──────── Provided information
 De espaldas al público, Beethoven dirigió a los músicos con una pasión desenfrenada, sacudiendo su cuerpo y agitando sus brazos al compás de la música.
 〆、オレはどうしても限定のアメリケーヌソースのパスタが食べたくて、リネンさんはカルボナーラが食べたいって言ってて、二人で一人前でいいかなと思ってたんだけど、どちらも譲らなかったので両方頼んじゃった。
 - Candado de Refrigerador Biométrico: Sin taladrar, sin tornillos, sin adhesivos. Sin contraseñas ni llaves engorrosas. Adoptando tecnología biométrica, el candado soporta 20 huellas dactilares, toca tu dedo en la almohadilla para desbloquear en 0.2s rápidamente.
────────────────
──────── Provided information
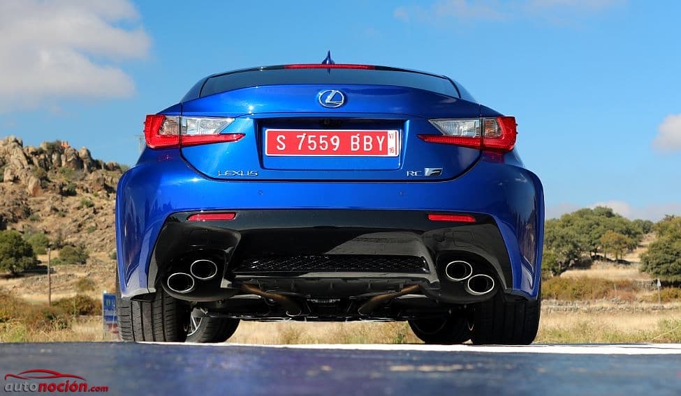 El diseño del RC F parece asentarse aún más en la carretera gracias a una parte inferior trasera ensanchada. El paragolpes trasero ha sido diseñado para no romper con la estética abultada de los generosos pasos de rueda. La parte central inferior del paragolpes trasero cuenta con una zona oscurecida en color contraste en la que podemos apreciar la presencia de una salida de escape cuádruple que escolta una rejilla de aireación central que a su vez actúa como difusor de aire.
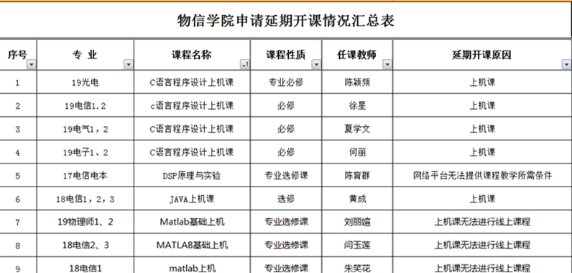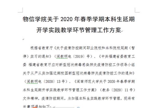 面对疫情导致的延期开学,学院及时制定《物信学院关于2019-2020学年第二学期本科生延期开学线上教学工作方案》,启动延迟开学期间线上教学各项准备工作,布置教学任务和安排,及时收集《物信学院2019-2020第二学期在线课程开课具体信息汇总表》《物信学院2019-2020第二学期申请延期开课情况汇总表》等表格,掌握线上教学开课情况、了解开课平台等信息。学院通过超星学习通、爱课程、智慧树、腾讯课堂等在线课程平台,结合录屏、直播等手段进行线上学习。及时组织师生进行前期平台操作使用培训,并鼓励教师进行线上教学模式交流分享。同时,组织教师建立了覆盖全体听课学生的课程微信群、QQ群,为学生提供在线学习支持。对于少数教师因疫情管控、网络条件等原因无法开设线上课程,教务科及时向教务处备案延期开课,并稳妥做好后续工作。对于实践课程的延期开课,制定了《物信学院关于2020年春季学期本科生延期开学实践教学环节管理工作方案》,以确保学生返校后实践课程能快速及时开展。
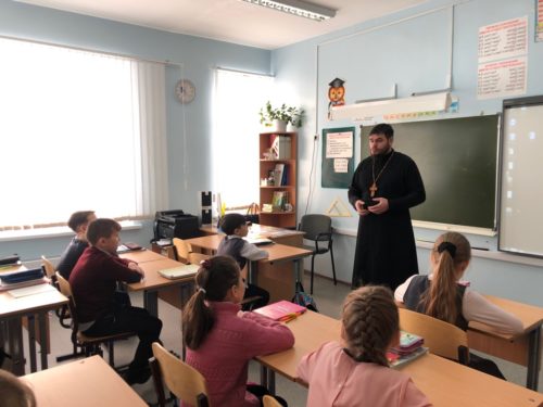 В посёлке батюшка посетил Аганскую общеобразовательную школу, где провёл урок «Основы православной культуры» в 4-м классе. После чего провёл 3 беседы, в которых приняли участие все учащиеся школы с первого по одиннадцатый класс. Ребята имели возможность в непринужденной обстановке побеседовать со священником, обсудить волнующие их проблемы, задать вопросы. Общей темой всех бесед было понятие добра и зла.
────────────────
──────── Provided information
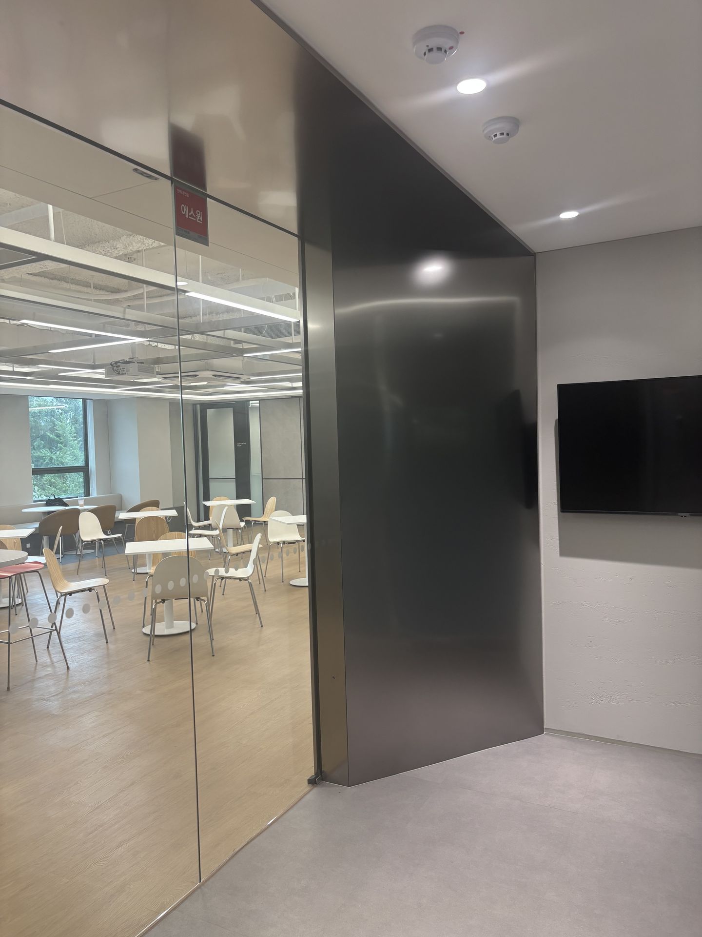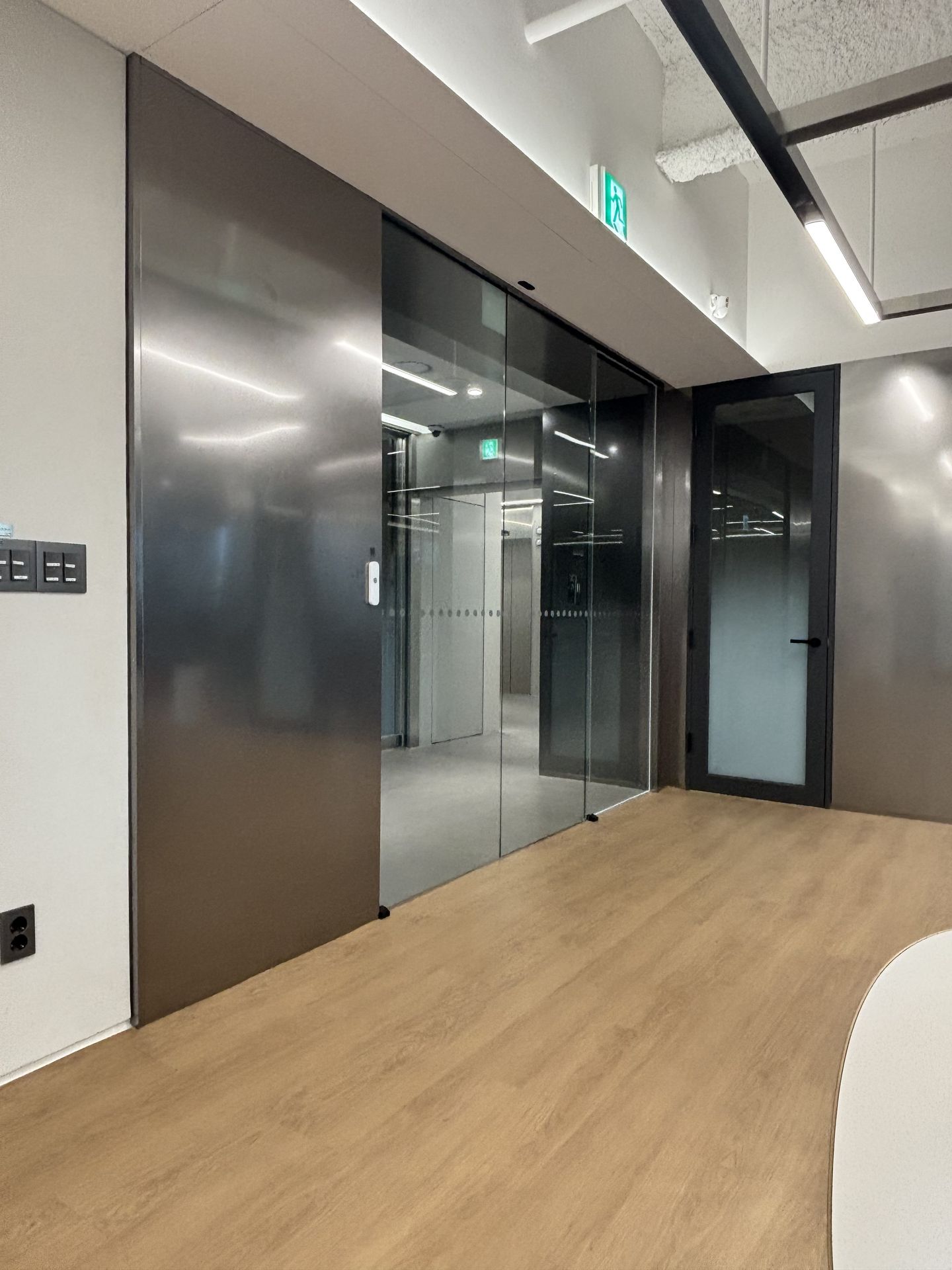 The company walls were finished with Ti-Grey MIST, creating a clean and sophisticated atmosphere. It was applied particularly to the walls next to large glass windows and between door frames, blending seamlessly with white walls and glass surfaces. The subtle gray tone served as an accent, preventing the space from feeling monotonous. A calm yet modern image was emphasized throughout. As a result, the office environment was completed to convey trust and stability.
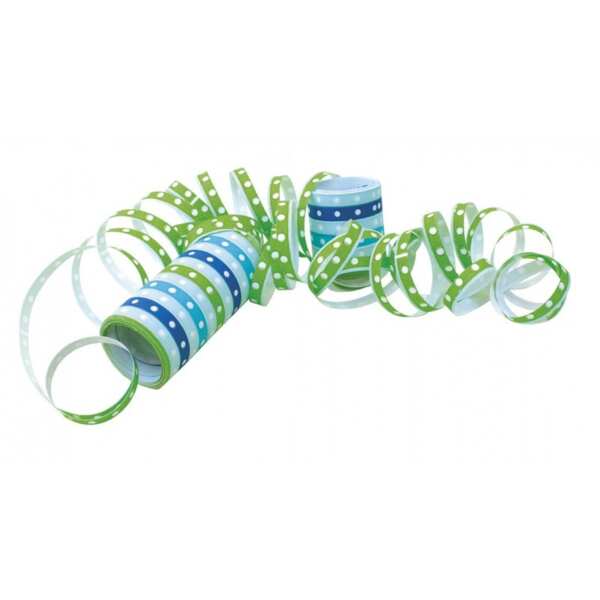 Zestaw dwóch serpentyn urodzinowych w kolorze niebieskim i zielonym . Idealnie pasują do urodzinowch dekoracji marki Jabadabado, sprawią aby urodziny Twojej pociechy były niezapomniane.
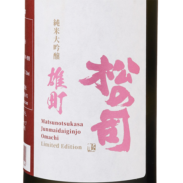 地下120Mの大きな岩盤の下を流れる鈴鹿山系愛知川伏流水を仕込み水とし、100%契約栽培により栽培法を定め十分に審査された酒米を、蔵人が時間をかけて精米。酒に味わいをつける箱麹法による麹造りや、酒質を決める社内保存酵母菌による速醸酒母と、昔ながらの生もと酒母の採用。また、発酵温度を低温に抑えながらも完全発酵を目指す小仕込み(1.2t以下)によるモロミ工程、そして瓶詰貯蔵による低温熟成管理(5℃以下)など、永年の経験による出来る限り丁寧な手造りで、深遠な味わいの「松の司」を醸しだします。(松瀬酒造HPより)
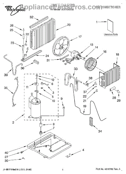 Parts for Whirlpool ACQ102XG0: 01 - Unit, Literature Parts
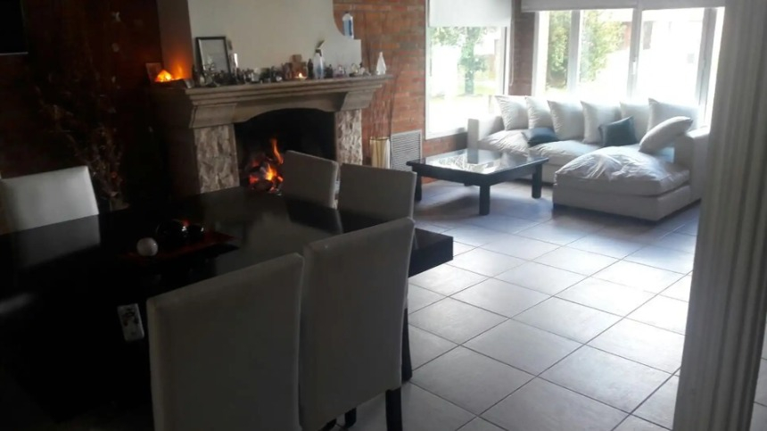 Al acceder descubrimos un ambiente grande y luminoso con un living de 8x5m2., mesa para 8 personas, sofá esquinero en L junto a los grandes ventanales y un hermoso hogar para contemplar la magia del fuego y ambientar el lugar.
────────────────
Using the records above, print exactly the run of lines that starts with the line with "地下120Mの大きな岩盤の下" and goes on through the line with "Al acceder descubrimos", pictures excluded.

_Answer to the problem_.
 地下120Mの大きな岩盤の下を流れる鈴鹿山系愛知川伏流水を仕込み水とし、100%契約栽培により栽培法を定め十分に審査された酒米を、蔵人が時間をかけて精米。酒に味わいをつける箱麹法による麹造りや、酒質を決める社内保存酵母菌による速醸酒母と、昔ながらの生もと酒母の採用。また、発酵温度を低温に抑えながらも完全発酵を目指す小仕込み(1.2t以下)によるモロミ工程、そして瓶詰貯蔵による低温熟成管理(5℃以下)など、永年の経験による出来る限り丁寧な手造りで、深遠な味わいの「松の司」を醸しだします。(松瀬酒造HPより)
 Parts for Whirlpool ACQ102XG0: 01 - Unit, Literature Parts
 Al acceder descubrimos un ambiente grande y luminoso con un living de 8x5m2., mesa para 8 personas, sofá esquinero en L junto a los grandes ventanales y un hermoso hogar para contemplar la magia del fuego y ambientar el lugar.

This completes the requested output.